Hazard summary

An experienced power line maintainer suffered severe electrical burns to both hands during routine maintenance on a pole-mounted 75 kVa/14.4kV transformer with a multi-connection ground plate. Leads connected the pole-mounted plate to:

  • the surge arrestor on the primary lead into the transformer
  • the transformer bushing of the primary neutral (or ground) line
  • the secondary neutral or ground line
  • and the transformer case itself

All these were grounded only through a lead from the plate to a ground rod in the earth at the foot of the pole (see Figure 1 and 'A Brief Glossary').

At the time of the accident, the connection of this lead to the rod had broken off beneath a cover of ice and snow, so that neither the worker nor his partner operating the bucket truck could see that the plate was no longer a solid ground. When the worker disconnected the lead between the ground plate and the secondary neutral, he became a bridge between them. Wearing leather work gloves and holding uninsulated tools, he was unable to release his grip. Fortunately, his partner on the ground was able to operate the lower controls of the bucket truck and swing him away from the pole.

This resource does not replace the Occupational Health and Safety Act (OHSA) and its regulations, and should not be used as or considered legal advice. Health and safety inspectors apply and enforce these laws based on the facts they find in the workplace.

Figure 1. Old Ground System

Figure 1. Old Ground System

Locations and sectors

Power line maintenance; electrical sector.


New transformer installations do not use a ground plate, and they provide two separate paths to ground:

  1. The primary bushing on the transformer is connected to the secondary bushing, which is then connected to the secondary neutral. The secondary neutral in turn is directly connected to the ground rods at regular pole intervals.
  2. he primary and secondary bushings are connected to the transformer case itself and through it by another lead to the secondary neutral.

When a worker breaks any one neutral connection a second path to ground remains intact—assuming everything else is in order.
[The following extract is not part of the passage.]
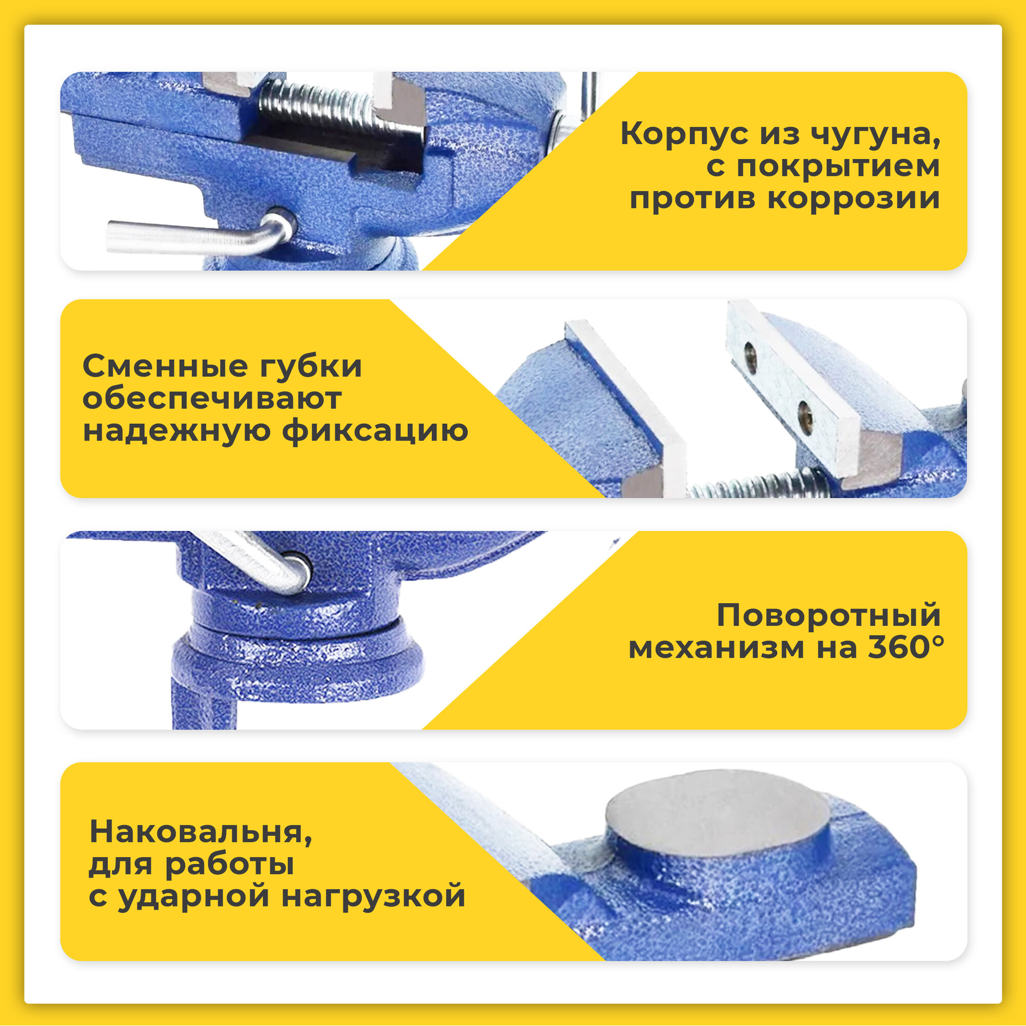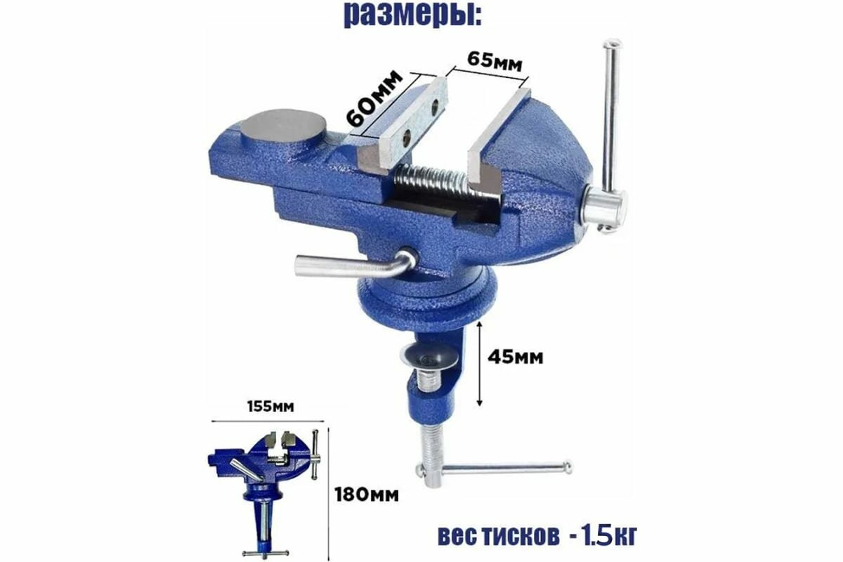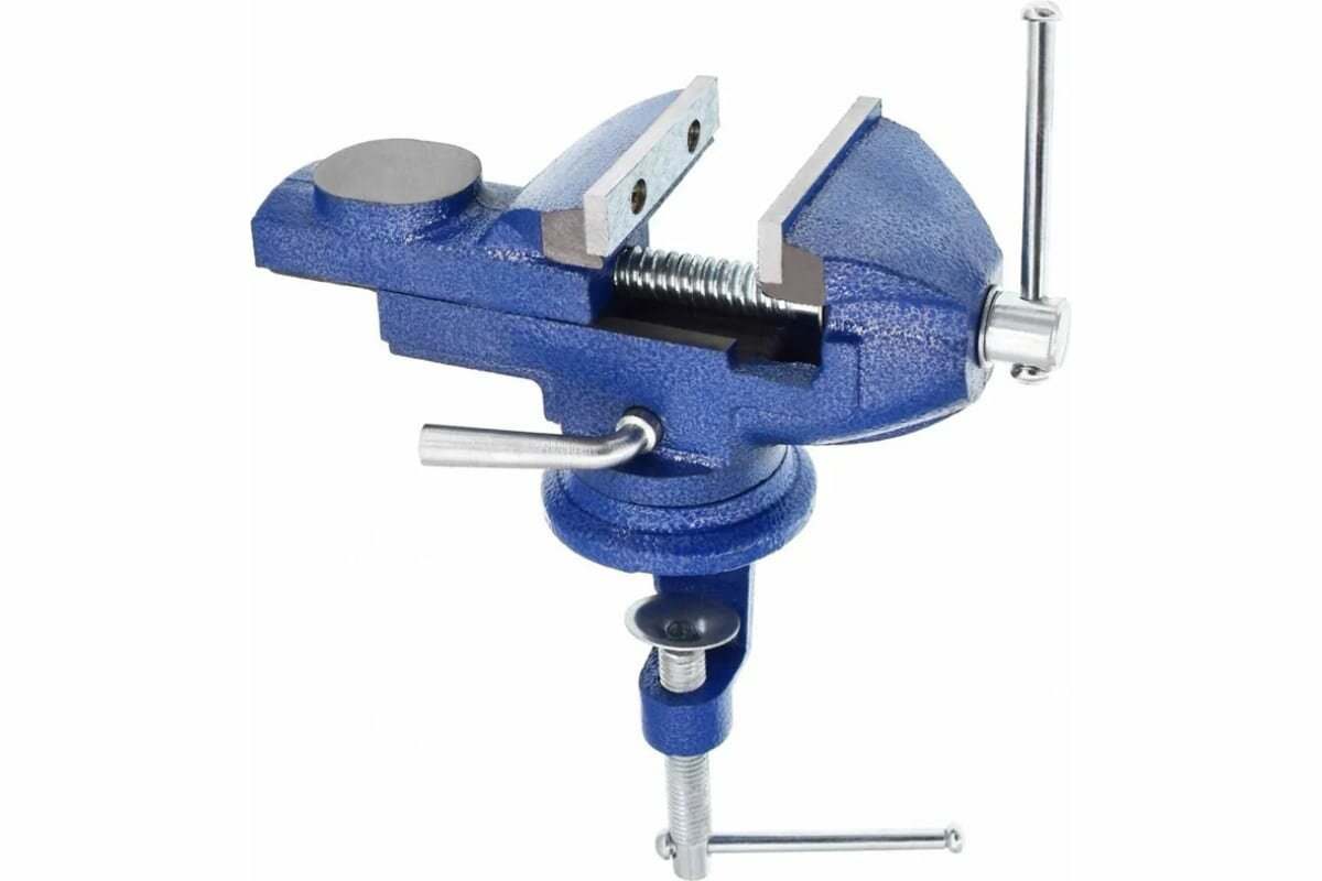 Тиски слесарные 60 мм, настольные с наковальней и поворотным механизмом, ударопрочные, чугунные, синие

Since it is always possible there will be another break in the grounding system, caused by loose connections or faulty equipment, protective clothing, equipment, and procedures must still be used when working on a grounding system of this type.

For transformers using a ground plate with a single path to ground which remain in service, good maintenance is essential. This must include inspection and checking of all wiring, connections, ground rods and bonding. The maintenance crew must use appropriate protective equipment and procedures.

Transformers of this kind may be provided with additional grounding by removing the ground plate and installing a double ground system, as outlined above. During the upgrading, the equipment shall be de-energized.

Whenever work is performed on the ground (or neutral) system of transformers with ground plates:

  • The system shall be considered live, and appropriate protective clothing, equipment, devices and procedures shall be used to ensure the safety of workers. (The Electrical Utility Safety Rules published by EUSA, dated 2004, may be used for guidance.)
  • An adequately equipped second worker, trained in rescue operations including CPR, shall be readily available.

Figure 2. New Ground System

Figure 2. New Ground System

A brief glossary

"Primary" refers to the system which carries high-voltage power to the transformer.

"Secondary" refers to the system which takes power from the transformer, usually into a house or other building.

A "grounding system" is a safety system built into a larger electrical system to carry any excess voltage (for example, from lightning or power surges) safely to ground, i.e., into the earth, without traveling through and thus harming people or equipment.

A "ground line" or "neutral" is a line connected to the ground (if the system is working).

"Bushings" are the insulating sleeves around primary and secondary leads where they enter the transformer case. The bushings are connected to a ground line so that any excess voltage from the leads will be directed to the earth.